4. The decision-making intelligent reasoning method based on a large model according to claim 1, characterized in that: Feature matching in step S3 refers to using the patient diagnosis and treatment model established in step S2 as a comparison file, executing a rule retrieval mechanism in the diagnosis and treatment database, and retrieving multiple similar case models. The rule-based retrieval mechanism refers to sequentially using the differences in specific features in the diagnostic and treatment model as input feature variables, comparing the input feature variables in the clinical diagnostic and treatment database, and filtering out past similar case models based on the matching degree of the input feature variables.

5. The decision-making intelligent reasoning method based on a large model according to claim 1, characterized in that: The optimization and reordering in step S4 refers to optimizing and reordering each of the selected past similar case models through the case model reordering optimization mechanism; The case model reordering optimization mechanism includes feature extraction, which extracts features from similar case models and uses the repeated features from multiple similar case models as input variables to feed them back into step S3. The rule enforcement retrieval mechanism therein uses these repeated features as input variables to re-select a batch of similar case models. All selected past case models are evaluated for multi-dimensional fit. After evaluation, they are initially sorted according to rules. The initial sorting is based on the scores. Local solutions are optimized and selected based on the selected case models. After optimization, the solutions are re-verified and re-sorted. The optimized case models are then selected based on the multi-dimensional fit scores.

6. The decision-making intelligent reasoning method based on a large model according to claim 1, characterized in that: In step S5, the new clinical characteristics of a patient refer to the characteristics that emerge after the patient is admitted to the hospital.
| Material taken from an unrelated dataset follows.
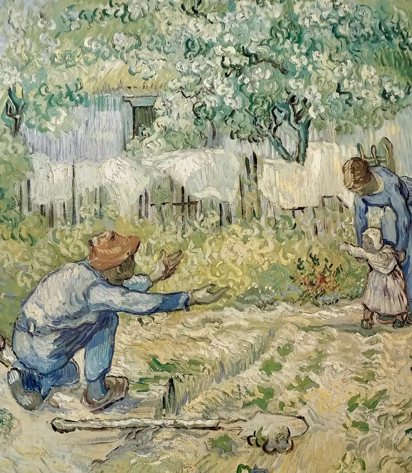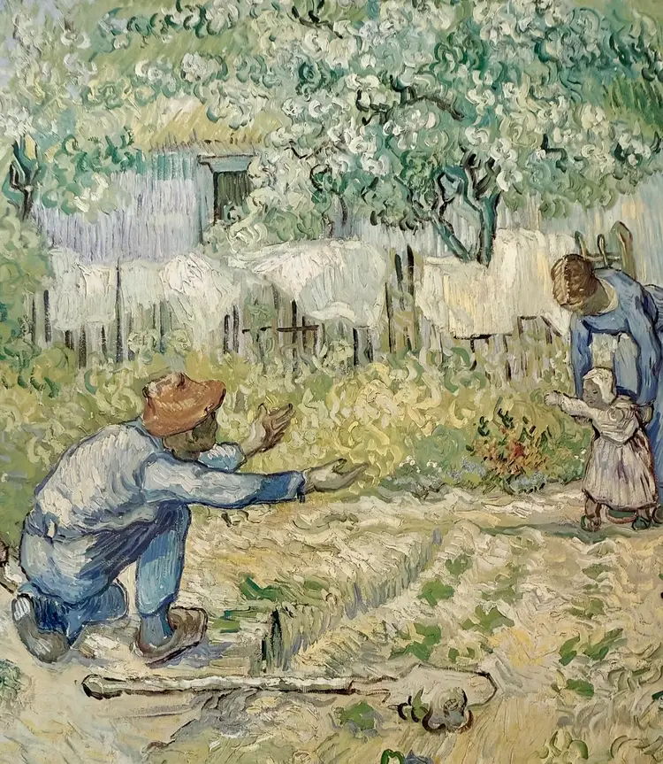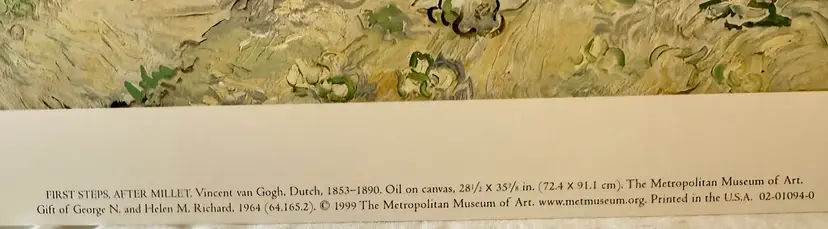 FIRST STEPS, AFTER MILLET: Vincent van Gogh, Dutch, 1853-1890. Oil on canvas, 28½ X 35% in. (72.4 X 91.1 cm), The Metropolitan Museum of Art. Measures 14 x 11 Will be shipped in a mailing tube 1999 The Metropolitan Museum of Art. www.metmuscum.org. Printed in the U.S.A.

The new clinical characteristics of the patient are used as the center and medication information is used as a clue to develop a patient clinical characteristic model.

7. The decision-making intelligent reasoning method based on a large model according to claim 1, characterized in that: In step S6, the clinical feature model established in step S5 is used as the input variable, and a data rule reasoning mechanism is executed to select a suitable evaluation case model from the optimized case model.

8. The decision-making intelligent reasoning method based on a large model according to claim 1, characterized in that: In step S7, external conditions are used as input variables, and the patient's attending physician comprehensively evaluates the case model to make the final appropriate clinical diagnosis and treatment decision.

9. A medical clinical diagnosis and treatment decision-making intelligent reasoning system based on a large model according to any one of claims 1-8, characterized in that: The system includes a clinical diagnosis and treatment database module, a feature matching module, an optimization and rearrangement module, a secondary feature matching module, and a case model decision module; The clinical diagnosis and treatment database module uses a unified representation to store various clinical diagnosis and treatment knowledge. The feature matching module takes the patient diagnosis and treatment model as input variable, executes the rule retrieval mechanism to output similar case models that match the features of new patients; The optimization and rearrangement module uses the common features extracted from the similar case model as input variables, executes the case model rearrangement optimization mechanism, and outputs an optimized case model with optimized features. The secondary feature matching module uses the patient's clinical feature model as input variable and executes a data rule reasoning mechanism to output a filtered and adapted evaluation case model. The case model decision module uses the specific external environment as input variables, executes the reasoning mechanism of the patient's attending physician, and makes the final appropriate clinical diagnosis and treatment decision by the patient's attending physician.